- Diposting oleh : Eko Mudji
- pada tanggal : September 02, 2025
Di timur Nusantara, Pulau Celebesa menjulur seperti bintang yang miring, empat cabang daratan memeluk laut, sementara Gunung Latimojong berdiri seperti pena raksasa yang siap menulis takdir. Malam itu, kabut tipis merunduk pada hutan. Ombak berpendar biru, seolah ada kunang-kunang yang belajar berenang.
Di bibir pantai batu, seekor anoa mungil muncul dari balik semak pandan laut. Namanya Raksa, artinya penjaga. Tubuhnya kecil, tanduknya pendek, tapi matanya memantulkan keberanian yang menolak padam. Ia membawa seutas tali rotan bergantungan biji-biji hutan, tanda perjalanan panjang dari lembah lumut.
“Jika kau kecil,” pesan ibunya di ingatan, “jadilah yang paling teliti.” Raksa menghirup angin asin, menghitung jeda ombak: satu… dua… tiga… datang lagi. Ia membaca ritme alam seperti membaca kalimat pertama buku yang belum pernah dilihatnya.
Ketika ia menapaki karang-karang licin, Raksa mendengar bunyi kecil tok… tok… tok dari arah pasir gelap. Sebutir telur, oval, rapuh, terpisah dari sarangnya, menggigil sendirian. Ombak besar mengancam menyapu.
Raksa menimbang. Jika ia menolong telur itu, ia bisa terseret ombak. Jika ia mengabaikan, nuraninya akan basah oleh sesal. Ia melihat ke timur—awan tebal mengumpal seperti alis yang murka.
“Penjaga melindungi yang lemah,” gumamnya, meski ia sendiri tampak paling lemah di pantai itu.
Ombak mengangkat tubuhnya sampai kaki nyaris terangkat. Raksa menancapkan kaki kecilnya, menghitung lagi: satu… dua… sekarang! Ia menyelam setengah badan, mengait telur dengan tali rotan, lalu menubruk karang sebagai jangkar. Air menerjang, menggulung, menepuk punggungnya berulang—namun sang anoa menahan, gigi meringis, mata terpejam.

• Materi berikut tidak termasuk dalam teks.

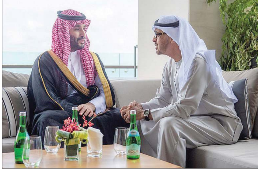
جانب من لقاء الأمير محمد بن سلمان والشيخ محمد بن زايد في بالي (واس)
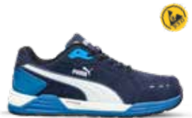
64.462.0 AIRTWIST BLUE LOW S3 ESD HRO SRC
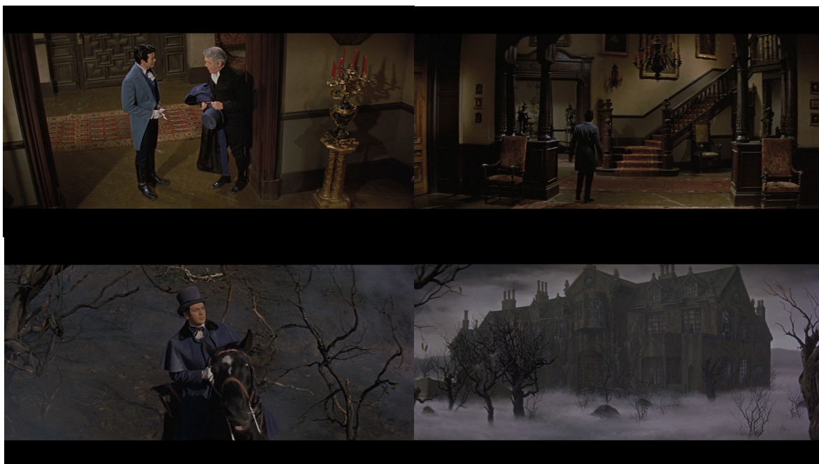
De gauche à droite et de haut en bas : Fig. 5, 6, 7, 8 : La Chute de la maison Usher

situé plus à sa hauteur et elle ne filme plus ce qu'il voit. Cela nous donne l'impression que c'est de nouveau le décor qui épie, qui observe le personnage, à l'image du premier plan du film. Un raccord est ensuite effectué et la caméra, qui se trouve de nouveau à la hauteur de Philip, se place progressivement dans son dos, et nous fait voir l'intérieur de la maison de son point de vue [Fig. 6], dans un plan en contrechamp qui fait écho aux deux premiers plans du film que nous avons analysés plus tôt [Fig. 7-8] .
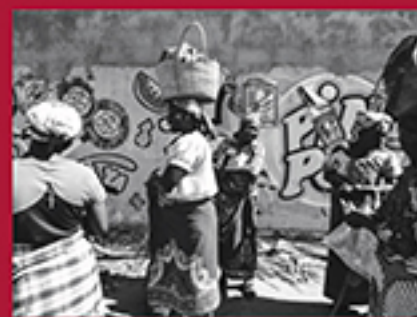
FOR AS LONG AS I LIVE, RAMOS JANETE
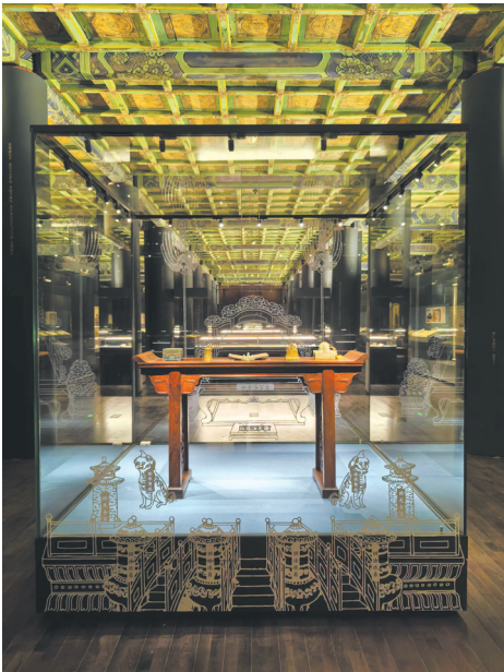
午门“大道之行——儒家文化特展”展厅一瞥

故宫所承载的中华优秀传统文化集合了我国古代不同时期、不同地域、不同民族、不同主题的文化精粹，其中就包括中国人为政以德的政治理念、求同存异、和而不同的和合精神，这些都是儒家思想的重要内容，蕴藏着解决当代人类面临难题的重要启示。2024 年是孔子 2575 周年诞辰，为增强中华民族凝聚力和中华文化影响力，推动儒学及优秀传统文化的研究与传播，故宫博物院、国际儒学联合会共同主办了“大道之行——儒家文化特展”，展览以
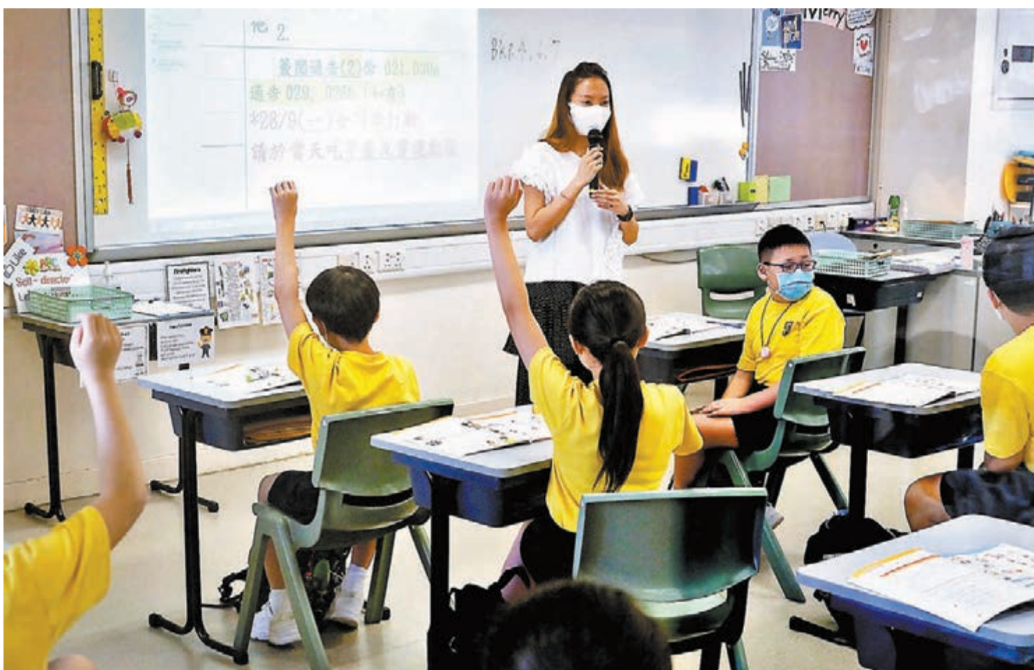
◆全港幼稚園及小學在本星期五或之前暫停面授課程。圖為疫下小學生上課。

香港醫院藥劑師學會會長崔俊明昨日在電台節目上也表示，未接種疫苗的兒童屬高危群組，若兒童接種後，能減少一旦感染後將病毒傳染給長者的機會。他續指，復必泰藥廠已進行臨床試驗，用三分之一的成人劑量已達到安全性、有效性和免疫反應，香港可參考英國的做法，「（兩針
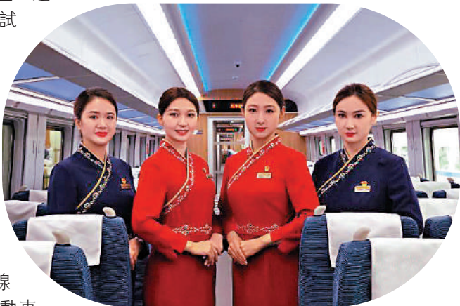
▲以「深藏青」和「喇嘛紅」為主調的西格段「復興號」動車組乘務員新制服。

據國鐵青藏集團有限公司介紹，今年前5月，青藏鐵路西格段累計發送旅客110.11萬人次，同比增長51.62%。其中，西寧、德令哈、格爾木3個車站發送旅客數量最多。西寧直達格爾木方向每日發送旅客1000人次左右。
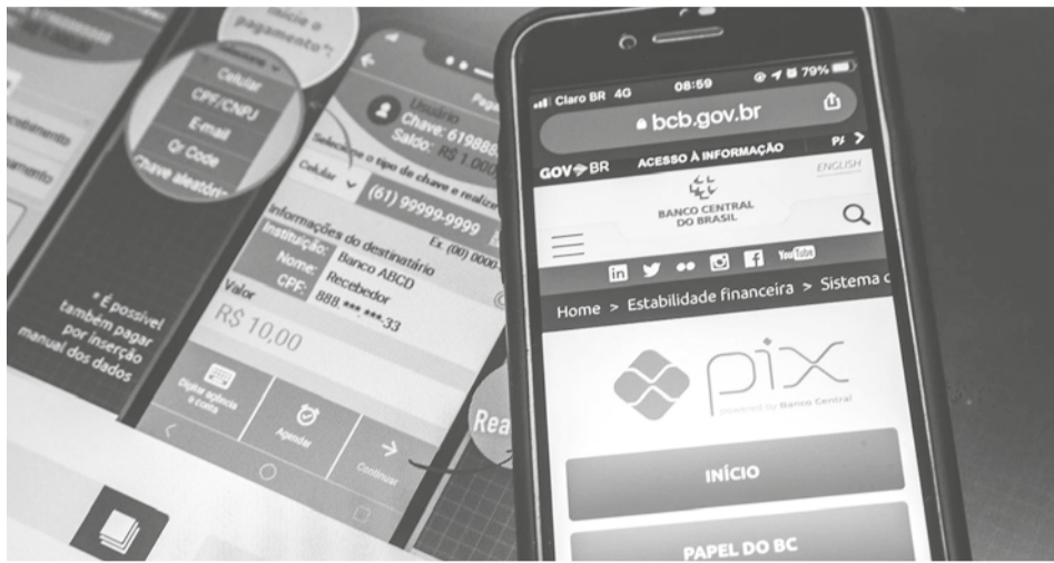
Lançado em fevereiro de 2020, o novo meio de pagamento passou a permitir transações como transferências e pagamentos, incluindo de contas, em até dez segundos

“Nos pagamentos realizados através de cartão
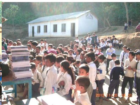
列を作って、もらう時はちゃんお礼の言葉も
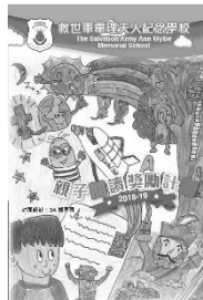
初級組冠軍 鄭匡晉(本年度 4A 班)
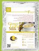
진저 레몬 밀크티 (홍차 라떼)
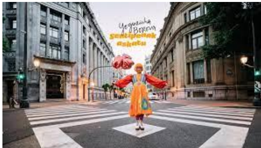
Erabilitako lehenengo abestia, sentipenak askatu (Yogurinha Borova), Gordiscos, 2019.

https://www.youtube.com/watch?v=R5mBaKmx39o
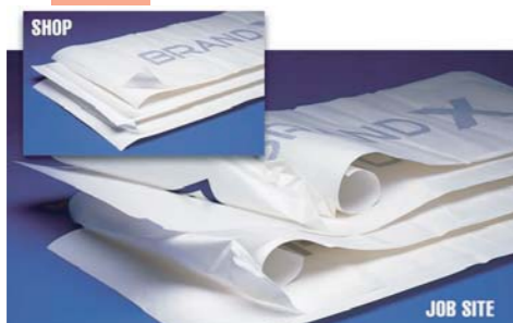
※搬送時のトンネルも・・・

RLA (Release Liner Adhesive) 付アプリケーションテープは 離型紙のシリコン側にもしっかりと粘着する為、 搬送時のトンネルが起きにくく、 またカールしにくい、ユニークかつ非常に使いやすい製品で 世界のアプリケーションテープの標準となっています。
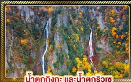
น้ำตกกิงกะ และน้ำตกริวซ
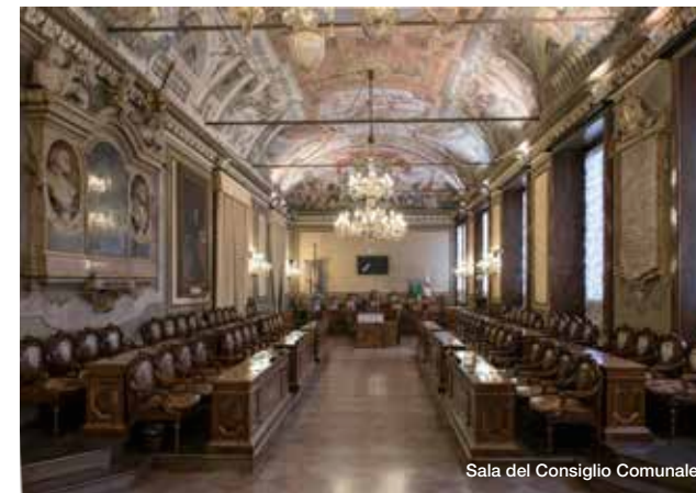
Sala del Consiglio Comunale
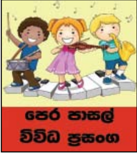
පෙර පාසල විවිධ ප්‍රසංග

පමුණුවල ශ්‍රී. ජුසේ මුනිදුගේ දහම් පාසලේ වාර්ෂික කෘත ප්‍රදනෝත්සවය හා විවිධ ප්‍රසංගය පසුගියද පැවැත්විනි.
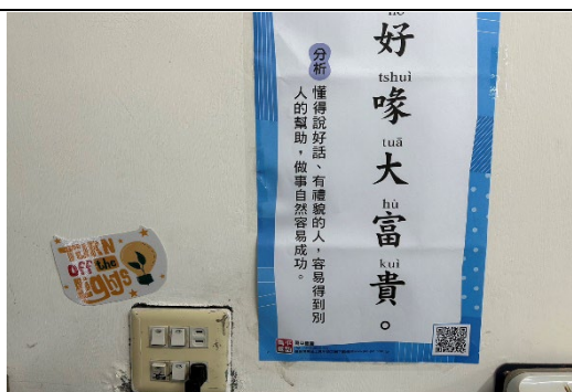
張貼節約用電標語在插座旁邊
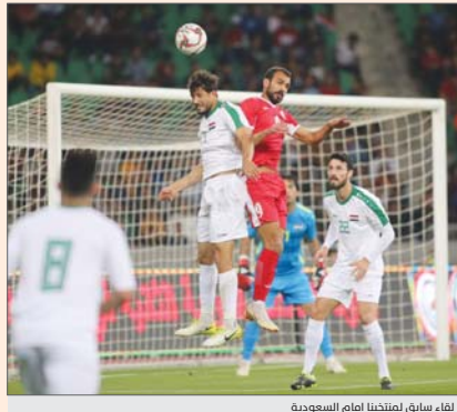
لقاء سابق لمنتخبنا امام السعودية

الامام وتطوير حالة التغطية العكسية الدفاعية وتقليل المساحات. ولعل من أبرز الامور التي تفتقرها التغطية الخلفية لمنتخبنا خلال الحقبة الماضية التي مازالت تكتنف لغاية ودية العراق وتونس الاخيرة في -ضعف التعامل مع التسديدات خارج منطقة الجزاء، من حيث الرقابة وقطع المنفذ او اختطافه -مشاكل المدافعين والحراس مع الكرات والساقطة في المنطقة المحصورة بين ال6 ياردات ونقطة الجزاء اي تطبيق مبدأ الدفاع عن الهدف وحماية المساحة المحصورة بين خط الهدف وخط الست ياردات التي يشترك فيها كل من حامي الرمي والمدافعين الذين يقومون بتطبيق مبدأ دفاع البرازيل او المنطقة الدفاعية السريعة عن منطقة الهدف (الركر) او دفاع الاربعة -الفرديّة المتناسقين بين خطبة اللاعبين للحد من تحركات المناسقين في ركلات الزوية - ضعف ادوار لاعبي الارتكاز في ركلات العمق الدفاعي في الخلف لاسيما التعامل مع الكرة الثابتة -الكرات البيئية -التمريرات المتفاجئة -اللاعب بين الخطوط -الانفرادات والتي ترتبط بدور التعرضين والقائمين في حال المرتداد او الانتقال السريع لانهم مع الحل بواسطة قدرتهم في ابتكار كرات والصرعات الثابتة -سهولة خسارة المساحة بشكل سريع التي تحتاج في بعض الاحيان ان تطبق مبدأ الثاني قبل التمدد واخذ القرار -تطبيق قيادة المنافس او حامل الكرة في مناطق بعيدة او حرمات من سرعة التمرير انتهاء بالضغط ومهاجمة الكرة بعد فقائها او بما تسمى ردة الفعل تجاه فقدان الكرة بسرعة استرداد الكرة سريعاً ومهاجمة كرة المنافس في منطقة فقائه

Dalam deru air, ia mendengar hal aneh, gemerisik seperti halaman buku dibalik oleh angin. Srrrt… srrrt… Suara itu datang dari hutan, seolah memanggil namanya.
Ombak surut, meninggalkan busa yang memanjang seperti tulisan miring. Raksa mengangkat telur itu, meletakkannya di balik akar pandan yang kering. Napasnya memburu, lututnya gemetar, tapi bibirnya tersenyum kecil.
“Maaf, aku lamban,” katanya pada telur, “tapi aku tidak akan bohong: tadi aku takut.” Ia mengakui ketakutan itu kepada dirinya sendiri—dan merasa dadanya ringan.
Angin meredup. Di kejauhan, hutan menyala kehijauan, seolah daun-daun berbisik. Di pasir, jejak busa membentuk kata yang bisa dibaca oleh siapa pun yang teliti: RAKSA. Lalu tiga dentang halus melayang dari jantung rimba—ting… ting… ting…—bunyi yang hanya terdengar oleh calon murid dari Sekolah Rahasia.
Raksa menoleh pada telur yang diselamatkannya. “Aku akan kembali setelah tahu dari mana kau berasal,” janjinya. Ia melangkah ke arah hutan, mengikuti dentang itu. Kabut membuka jalan seperti halaman dibalik—srrrt—membentuk lorong daun yang tak ada sedetik sebelumnya.